Department of Anatomy and Cell Biology, The Rappaport Faculty of Medicine, Technion, Haifa, Israel.
Anticancer Res. 2011 May;31(5):1607-17.
Peroxynitrite has been proposed to activate Nuclear Factor κappa beta (NF-κB) in a non-canonical or aberrant pathway and to contribute to pathology of many diseases.
The activation of NF-κB by peroxynitrite was assessed by Western blot, immunoprecipitation, RT-PCR, and image stream analysis.

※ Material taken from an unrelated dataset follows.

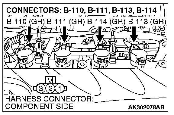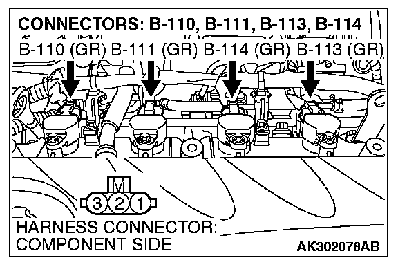 STEP 5. Check the circuit at ignition coil harness side connector B-110, B-111, B-113 and B-114.
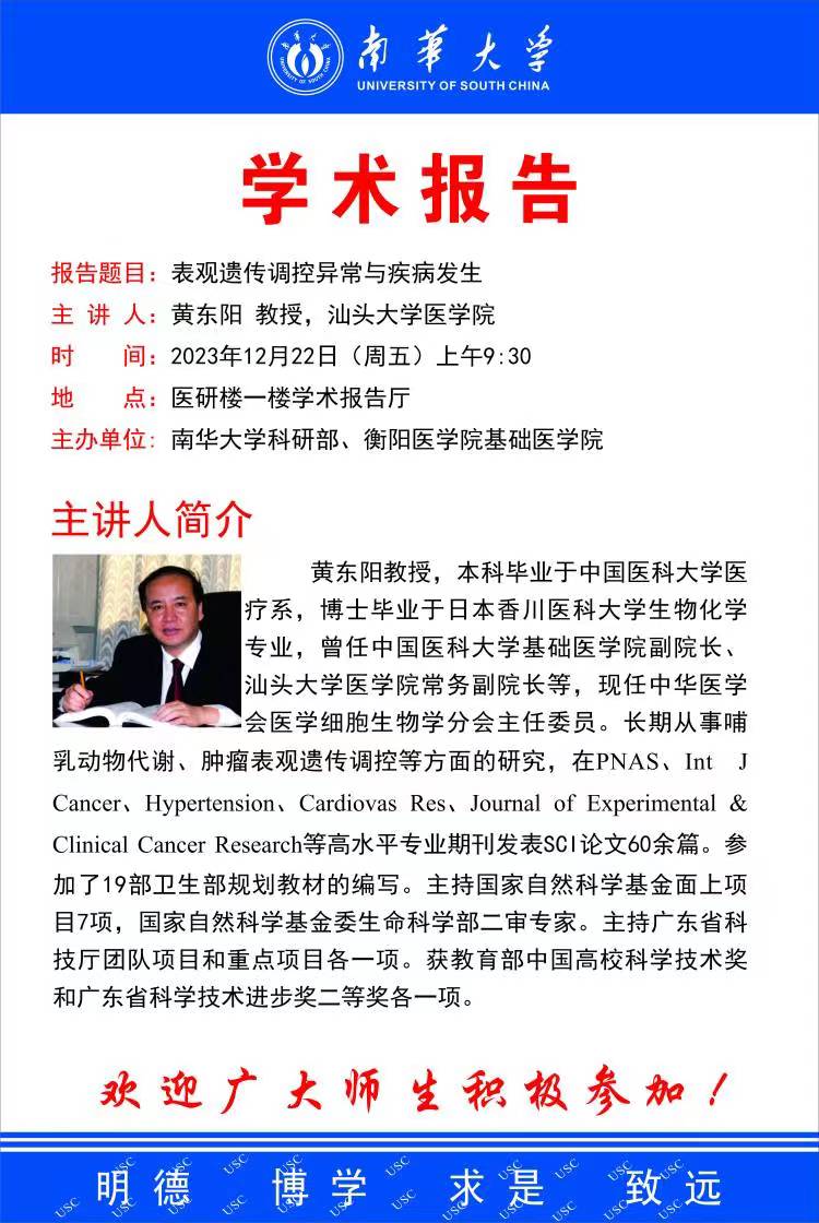 学术讲座 | 黄东阳教授:表观遗传调控异常与疾病发生

Our work showed that in HT-29 cancer cells, peroxynitrite can cause nitration of Inhibitory protein kappa B alpha (IκBα) at the expense of its phosphorylation. This led to a decrease in the degradation and re-synthesis of IκBα. Similar findings were observed for mRNA levels assessed by RT-PCR. Exposure of HT-29 cells to p38 inhibitor SB202190, prior to stimulation, resulted in a dramatic decrease of IκBα kinase and IκBα phosphorylation and caused an increase of peroxynitrite-mediated nitration of IκBα, indicating that peroxynitrite may activate NF-κB via dual mechanism of IκBα phosphorylation which is p38 dependent, as well as IκBα nitration.
Our findings demonstrate a possible interaction of the p38 pathway with the NF-κB pathway under peroxynitrite stimulation.
过氧亚硝酸盐已被提出通过非经典或异常途径激活核因子 κappa beta(NF-κB),并导致许多疾病的病理学发生。
通过 Western blot、免疫沉淀、RT-PCR 和图像流分析评估过氧亚硝酸盐对 NF-κB 的激活作用。
我们的工作表明,在 HT-29 癌细胞中,过氧亚硝酸盐可以导致抑制蛋白 kappa B alpha(IκBα)的硝化,而牺牲其磷酸化。这导致 IκBα 的降解和再合成减少。通过 RT-PCR 评估的 mRNA 水平也观察到了类似的发现。在刺激之前,用 p38 抑制剂 SB202190 预先处理 HT-29 细胞,导致 IκBα 激酶和 IκBα 磷酸化的急剧减少,并导致过氧亚硝酸盐介导的 IκBα硝化增加,表明过氧亚硝酸盐可能通过 IκBα 磷酸化的双机制(p38 依赖性)以及 IκBα 硝化来激活 NF-κB。
我们的发现表明,在过氧亚硝酸盐刺激下,p38 途径与 NF-κB 途径之间可能存在相互作用。